Published in final edited form as: IEEE Trans Ultrason Ferroelectr Freq Control. 2008 Dec;55(12):2719–2725. doi: 10.1109/TUFFC.2008.988

An Integrated Optoacoustic Transducer Combining Etalon And Black PDMS Structures

Yang Hou 1,2, Shai Ashkenazi 1,2, Sheng-Wen Huang 1,2, Matthew O’Donnell 1,2
PMCID: PMC2771400  NIHMSID: NIHMS138601  PMID: 19126497

Abstract

An integrated optoacoustic transducer combining etalon and black polydimethylsiloxane (PDMS) structures has been designed and developed. The device consists of an 11-μm-thick black PDMS film confined to a 2-mm-diameter circular region acting as an optoacoustic transmitter, surrounded by a 5.9-μm Fabry-Perot polymer etalon structure serving as an optoacoustic detector array. A pulsed laser is focused onto a 30-μm spot on the black PDMS film, defining the transmit element, while a CW laser probes a 20-μm spot on the etalon for ultrasound detection. Pulse-echo signals display center frequencies of above 30 MHz with bandwidths of at least 40 MHz. A theta-array is formed for 3-D ultrasound imaging by mechanically scanning the generation laser along a 1-D array and the detection laser around an annular array. Preliminary images with 3 metal wires as imaging targets are presented. Characterization of the device’s acoustical properties, as well as preliminary imaging results, suggest that all-optical ultrasound transducers are potential alternatives to piezoelectric techniques for high-frequency 2-D arrays enabling 3-D high-resolution ultrasound imaging.

I. Introduction

The frontiers of high-frequency ultrasound have been greatly expanded during the past decade, with various applications in dermatology [1]–[2], ophthalmology [3]–[4], intravascular imaging (IVUS) [5], and small animal imaging [6]. An integral part of any ultrasound imaging system is the transducer array, which generates and detects acoustic waves, and ultimately determines image resolution and quality. Currently, the unavailability of 2-D high-frequency piezoelectric transducer arrays limits further development of high-frequency ultrasound, especially in real-time 3-D high-resolution applications. State-of-the-art piezoelectric arrays include a 64-element 35-MHz 1-D array [7] and an 8-element 55-MHz annular array [8], whereas 2-D arrays have not been fabricated at high frequencies [9]–[10]. Major fabrication challenges include dicing piezoceramics to micron-scale elements and making electrical connections to each individual element.

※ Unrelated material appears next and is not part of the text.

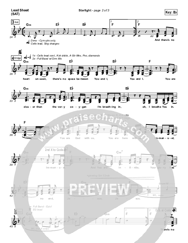 Download the sheet music for Starlight by Bethel Music, from the album Starlight. This song was arranged by Jeff Moore in the key of B, C.
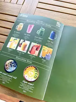 The menu offers a wide selection of drinks, desserts, and food at reasonable prices.

Recently, the capacitive micromachined ultrasound transducer (CMUT) has been developed as an alternative [11]. A 64-element 1-D linear array operating at 45 MHz [12] and 64-element forward-looking annular arrays [13]–[14] have been reported. However, even though a high-frequency fully sampled 2-D CMUT array is theoretically realizable, no such array has been implemented, and integration of front-end electronics still requires a technical breakthrough. Clearly, a new transduction technology is greatly needed for 2-D arrays operating at above 30 MHz.

An attractive alternative, optoacoustic transduction, typically replaces electronic signals with 2 laser beams as input/output vectors, one for ultrasound generation and the other for ultrasound detection. The most significant advantage over piezoelectricity is that the size and spacing of each transmit/receive array element is defined by the focal spot of a laser beam, which is easily reduced to several microns using conventional optics. Also, an array can be easily formed by splitting the primary laser beam and focusing the resultant secondary beams onto a configurable array of spots, which avoids transducer dicing and making electrical connections.

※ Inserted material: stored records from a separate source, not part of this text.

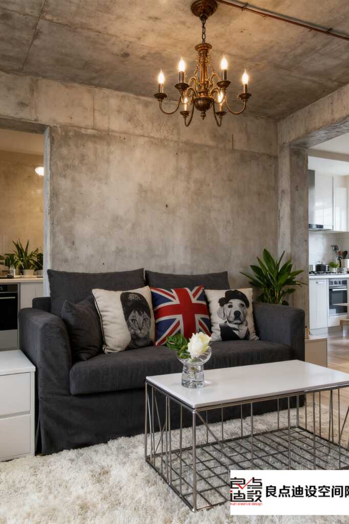 深灰水泥墻+復古燈,這個工業風一居室軟裝設計真的絕了!
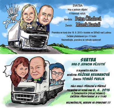 Svatební oznámení – malované karikatury ženich a nevěsta v kamionu dle fotky.
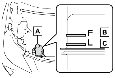 4. 冷却水の量がリザーバータンクの“F”(上限)と“L”(下限)のあいだにあるかを点検する
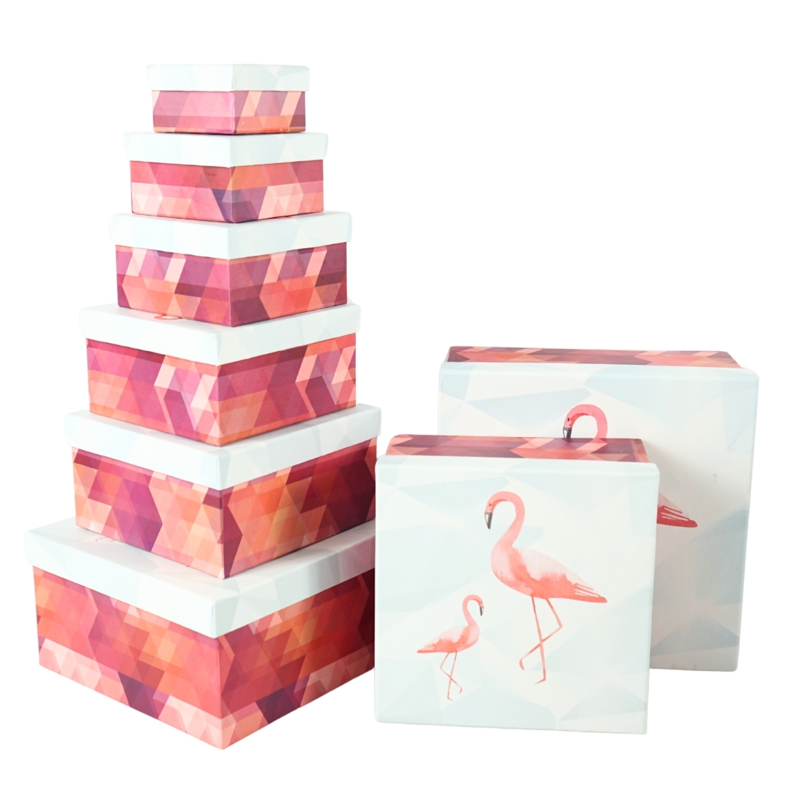 Item is supplied assorted, price per piece. Set of 8 cardboard gift boxes from Noor Living in tropical design with various prints. Suitable for packing gifts, accessories and small items. The largest box measures 22 x 22 x 11 cm and the smallest 7,5 x 7,5 x 4,5 cm. Practical for presentation and storage.

The most efficient optoacoustic transmitter utilizes either an 11-μm-thick black polydimethylsiloxane (PDMS) film [15]–[16], or a 4.5-μm gold nanostructure PDMS film [17]. In a typical configuration, a laser pulse is focused onto the film, and optical absorption rapidly heats a localized volume in which thermal expansion launches an acoustic wave into the overlying sample. The bandwidth of generated ultrasound can easily exceed 50 MHz with a 5-ns incident laser pulse, and the surface acoustic pressure often rises well beyond 100 MPa with sufficient input optical energy.

On the other hand, the most effective method for optoacoustic detection uses a thin polymer etalon [18]–[21], which consists of a polymer layer sandwiched between 2 reflecting mirrors. The strain associated with an ultrasound wave passing through the etalon modulates its thickness and therefore changes the reflected optical intensity of the probing CW laser beam. The acoustic pressure can be measured by recording the intensity change of the reflected signal. A 5.9-μm-thick etalon [22] possesses bandwidth of well over 50 MHz, noise equivalent pressure of 3.9 kPa for a 20-μm-diameter element, better than that of PVDF equivalents, and angular attenuation of barely 10 dB at 45 degrees for frequencies approaching 80 MHz.

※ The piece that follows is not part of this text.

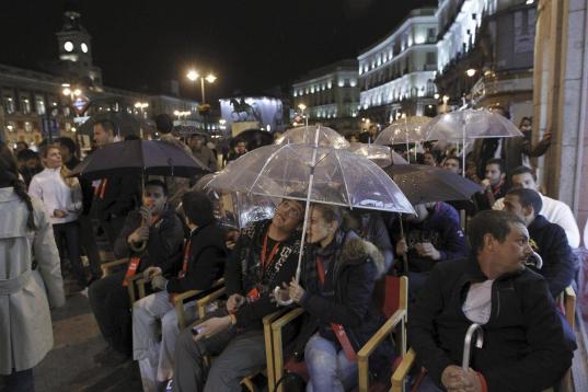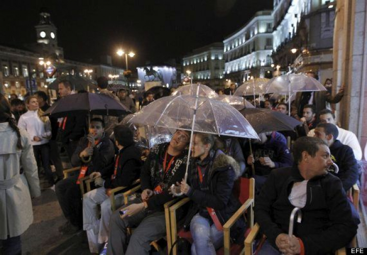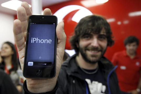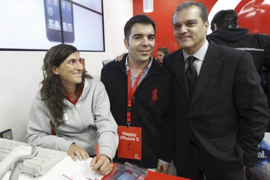 Más de 300 personas hacían cola frente a las tiendas que en la madrileña Puerta del Sol tienen las compañías Orange y Vodafone, para comprar, después de que el conocido presentador Ramón García acabará la cuenta atrás a las 00.00 horas, las primeras unidades en España del nuevo teléfono inteligente de Apple, el iPhone 5.

In this paper, we propose an integrated all-optical theta-array system combing an 11-μm-thick black PDMS film and a 5.9-μm-thick etalon. The fabrication and configuration of the device will first be described, followed by ultrasound pulse-echo characterization. Preliminary images obtained using 3 metal wires as imaging targets will also be presented.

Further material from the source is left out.